On Wed, 9 May 2018 14:21:17 +0200
Gaëtan Rivet <gaetan.rivet@6wind.com> wrote:
> A suggestion about the naming here.
> Reading subsequent patches, we can see this function being used during
> ethdev allocation routines. The _lock_free suffix is a little
> misleading, as for an instant one can think that there is something
> being freed about an allocated ethdev lock.
>
> I would suggest
>
> * rte_eth_dev_allocated_nolock
> or
> * rte_eth_dev_allocated_lockless
> (or even rte_eth_lockless_dev_allocated)
>
> instead.
Personally, used to the convention of:
rte_eth_dev_find(name)
and
_rte_eth_dev_find(name)
The _ implies internal version without lock.
Also allocated to me implies a boolean test only.
10/05/2018 22:33, Stephen Hemminger:
> On Wed, 9 May 2018 11:43:33 +0200
> Thomas Monjalon <thomas@monjalon.net> wrote:
>
> >
> > +struct rte_eth_dev *
> > +rte_eth_dev_allocated(const char *name)
> > +{
> > + struct rte_eth_dev *ethdev;
> > +
> > + rte_eth_dev_shared_data_prepare();
> > +
> > + rte_spinlock_lock(&rte_eth_dev_shared_data->ownership_lock);
> > +
> > + ethdev = rte_eth_dev_allocated_lock_free(name);
> > +
> > + rte_spinlock_unlock(&rte_eth_dev_shared_data->ownership_lock);
> > +
> > + return ethdev;
> > +}
> > +
>
> Not sure about this. The code it self is correct, but it creates
> a racy semantic.
>
> If caller doesn't already hold a lock then there is no guarantee that
> the device returned won't be destroyed by some other thread
It is an old high level design decision in DPDK:
We do not hold a lock during the whole life of a port.
So it is the application responsibility to not mess its own ports.
The consequence is that one port must be managed by only one thread.
We can discuss the original thread design but it is out of the
scope of this patchset.
> or that the name was just allocated by some other process.
It does not say which process allocated the port, yes.
But the name is unique among processes.
So the process knows for sure what to do with the port having this name.
10/05/2018 22:35, Stephen Hemminger:
> On Wed, 9 May 2018 14:21:17 +0200
> Gaëtan Rivet <gaetan.rivet@6wind.com> wrote:
>
> > A suggestion about the naming here.
> > Reading subsequent patches, we can see this function being used during
> > ethdev allocation routines.

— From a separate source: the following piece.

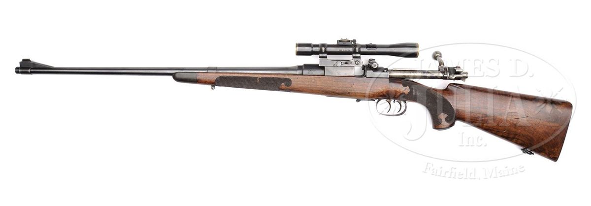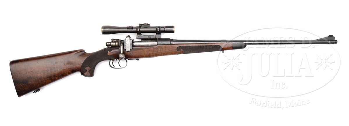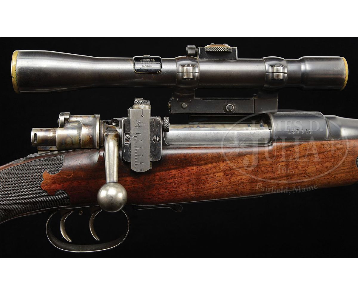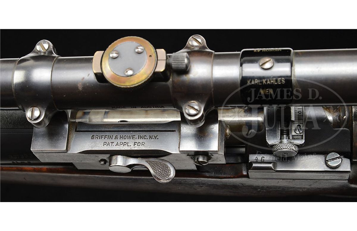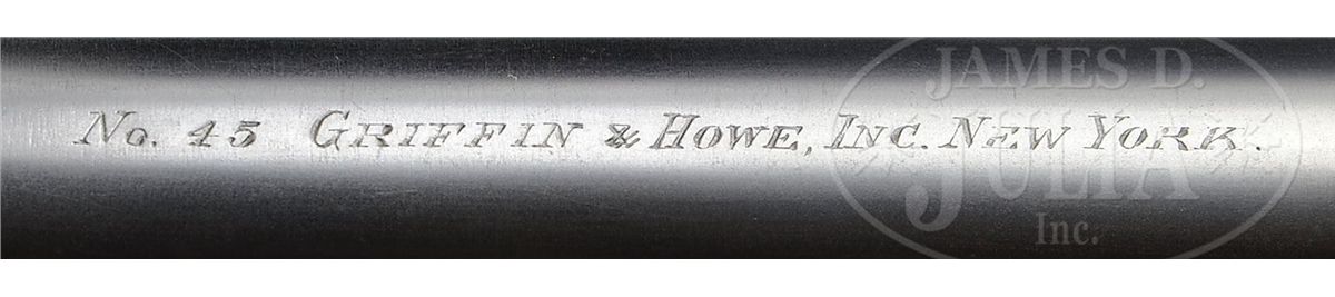 SN 167019. Cal. 30-06. 24" Round bbl has early style sleeved-on swivel eye mount and front ramp not cut for sight hood. Top of bbl is engraved "NO. 45 Griffin & Howe, Inc. New York". Action from ca 1910 J. P. Sauer Mauser bears Sauer's SN on right side, and pre WW I proofs on left. Action has been fitted with Lyman 48 receiver sight, and early G & H scope base. Bottom metal is also typical Sauer with pivoting lever to detach floorplate, and double set triggers. Bolt is color case hardened. Nicely figured and lightly streaked European walnut stock is shaped in early style as done by Fred Adolph who was known to have been working for G & H in the early years; stock features borderless fleur-di-lis style checkering, unique to early G & H rifles, as well as horn grip cap and forend tip. Buttplate is of engraved and checkered steel with trap holding 5-pc cleaning rod. Initials "J G S" are stamped on wood under trap. A Karl Kahles 2-1/2 X scope with post and crosshair reticle is in early, single lever, "patent applied for" mount with windage adjustment. Drop at heel: approx 3-1/16", drop at comb: approx 1-3/4". Weight with scope: 9 lbs. 7 oz. LOP: 14-5/8". CONDITION: Excellent, as found, retaining approx 80% of what appears to be its orig blue, silvered on high points, considerably so on floorplate. Stock retains nearly all of its orig rubbed oil finish, with hand wear at normal carrying points, and a number of heavy and faint marks, grain slightly raised. Checkering is slightly worn, somewhat soiled, with some "bumps". Bore is excellent, bright and shiny with strong rifling throughout. Scope is excellent with same basic condition as rest of rifle, optics slightly cloudy. A fine untouched specimen. 4-48370 MGM15

The _lock_free suffix is a little
> > misleading, as for an instant one can think that there is something
> > being freed about an allocated ethdev lock.
> >
> > I would suggest
> >
> > * rte_eth_dev_allocated_nolock
> > or
> > * rte_eth_dev_allocated_lockless
> > (or even rte_eth_lockless_dev_allocated)
> >
> > instead.
>
> Personally, used to the convention of:
> rte_eth_dev_find(name)
> and
> _rte_eth_dev_find(name)
>
> The _ implies internal version without lock.
It is a matter of taste.
We have chosen "nolock" in v2, and I think it is explicit.
> Also allocated to me implies a boolean test only.
Yes, the name is a bit strange.
But it is old and out of the scope of this patch.
If we want to change it, it is an API deprecation.
On Fri, 11 May 2018 00:10:19 +0200
Thomas Monjalon <thomas@monjalon.net> wrote:
> 10/05/2018 22:33, Stephen Hemminger:
> > On Wed, 9 May 2018 11:43:33 +0200
> > Thomas Monjalon <thomas@monjalon.net> wrote:
> >
> > >
> > > +struct rte_eth_dev *
> > > +rte_eth_dev_allocated(const char *name)
> > > +{
> > > + struct rte_eth_dev *ethdev;
> > > +
> > > + rte_eth_dev_shared_data_prepare();
> > > +
> > > + rte_spinlock_lock(&rte_eth_dev_shared_data->ownership_lock);
> > > +
> > > + ethdev = rte_eth_dev_allocated_lock_free(name);
> > > +
> > > + rte_spinlock_unlock(&rte_eth_dev_shared_data->ownership_lock);
> > > +
> > > + return ethdev;
> > > +}
> > > +
> >
> > Not sure about this. The code it self is correct, but it creates
> > a racy semantic.
> >
> > If caller doesn't already hold a lock then there is no guarantee that
> > the device returned won't be destroyed by some other thread
>
> It is an old high level design decision in DPDK:
> We do not hold a lock during the whole life of a port.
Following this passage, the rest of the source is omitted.